**Stored entries**
════════════════

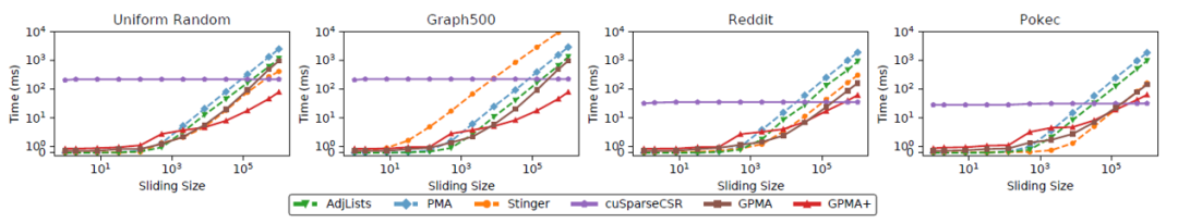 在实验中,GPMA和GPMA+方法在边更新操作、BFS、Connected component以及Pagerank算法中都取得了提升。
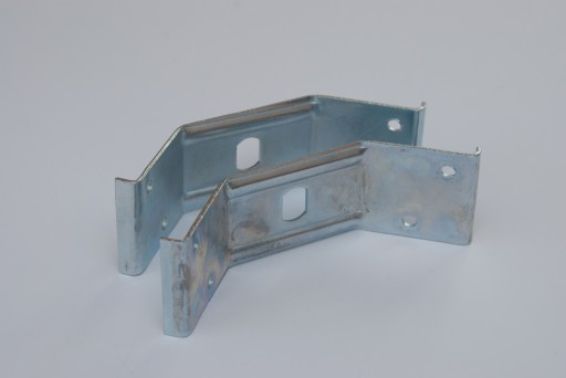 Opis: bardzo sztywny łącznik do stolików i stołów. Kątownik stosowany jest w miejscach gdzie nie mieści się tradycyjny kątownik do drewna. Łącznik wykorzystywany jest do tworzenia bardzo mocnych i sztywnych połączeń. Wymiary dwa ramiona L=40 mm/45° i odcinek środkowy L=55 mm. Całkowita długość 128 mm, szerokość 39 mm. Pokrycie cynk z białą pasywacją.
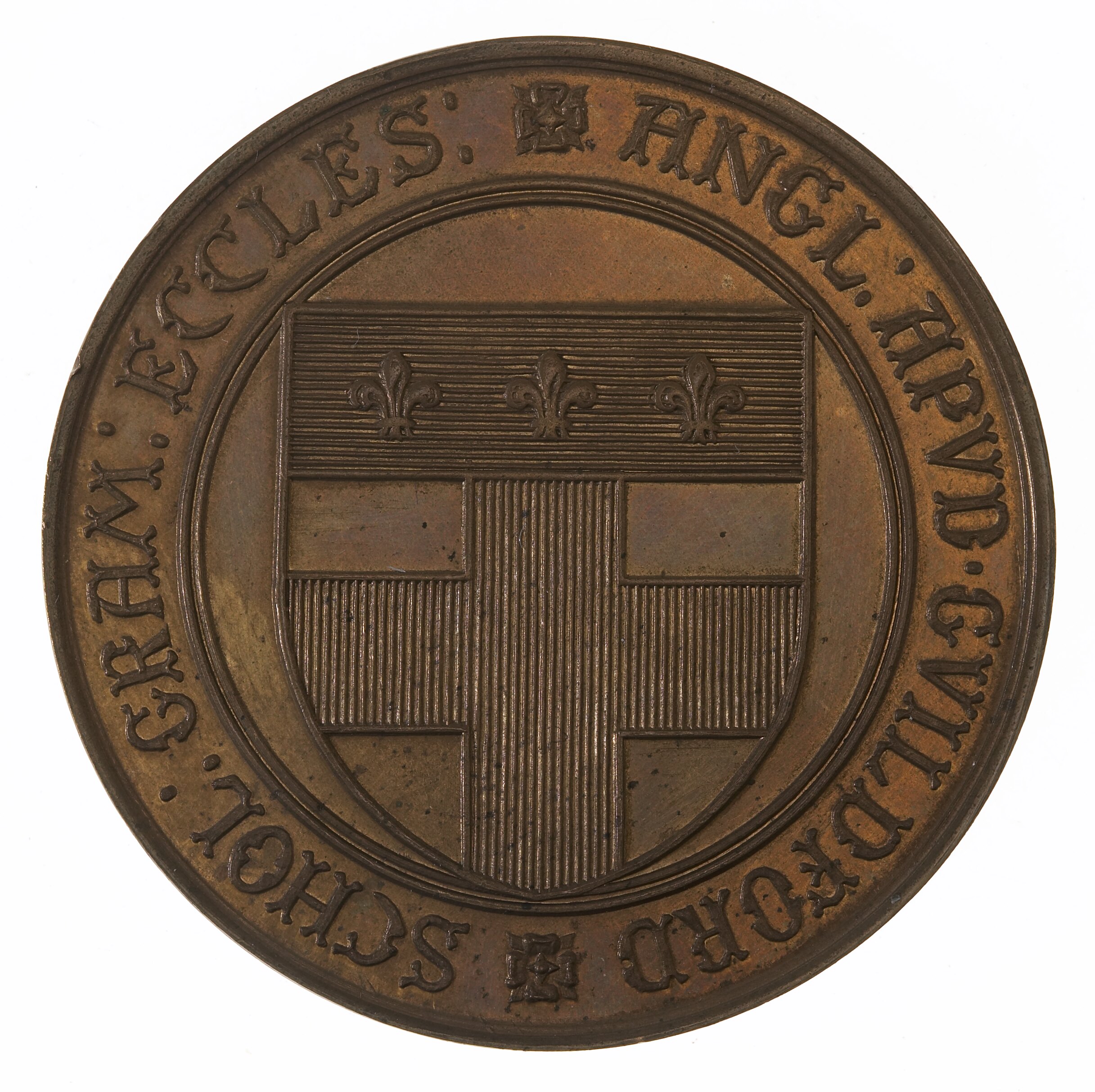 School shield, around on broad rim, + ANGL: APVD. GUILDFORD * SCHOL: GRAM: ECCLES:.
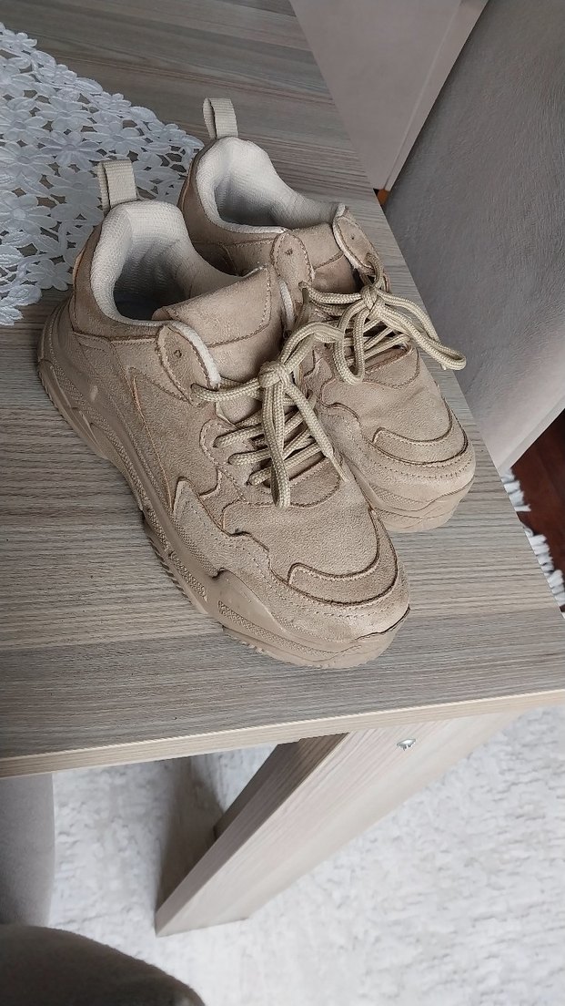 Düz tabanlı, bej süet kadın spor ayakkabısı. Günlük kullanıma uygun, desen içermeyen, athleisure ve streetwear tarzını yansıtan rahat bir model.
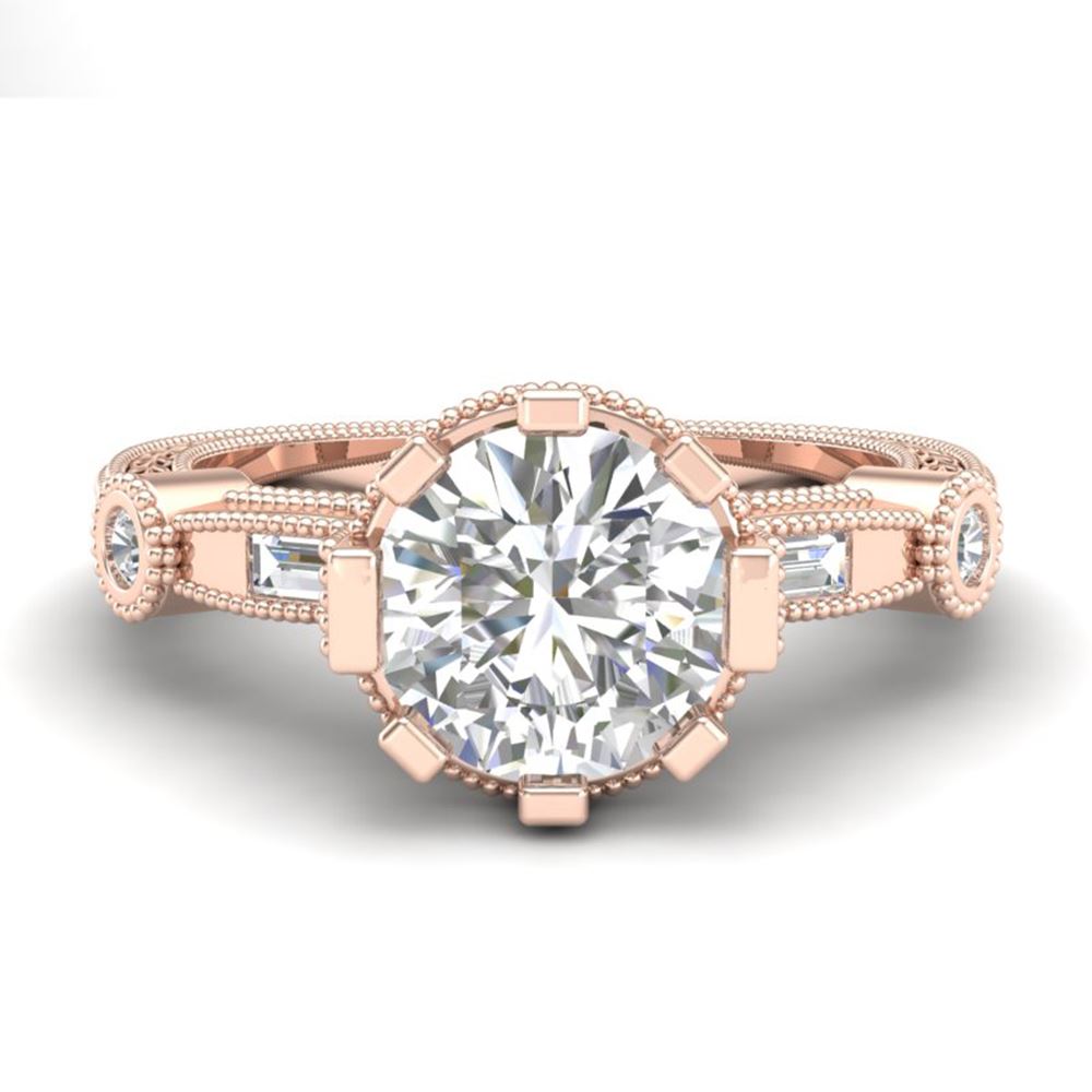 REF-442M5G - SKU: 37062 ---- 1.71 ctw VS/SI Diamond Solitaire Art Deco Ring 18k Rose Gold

════════════════

**Problem to work on**
Your copy should hold only the lines above from the one containing "Opis: bardzo sztywny" through the one containing "School shield, around", exactly as written and free of pictures.

**Solution below**
 Opis: bardzo sztywny łącznik do stolików i stołów. Kątownik stosowany jest w miejscach gdzie nie mieści się tradycyjny kątownik do drewna. Łącznik wykorzystywany jest do tworzenia bardzo mocnych i sztywnych połączeń. Wymiary dwa ramiona L=40 mm/45° i odcinek środkowy L=55 mm. Całkowita długość 128 mm, szerokość 39 mm. Pokrycie cynk z białą pasywacją.
 School shield, around on broad rim, + ANGL: APVD. GUILDFORD * SCHOL: GRAM: ECCLES:.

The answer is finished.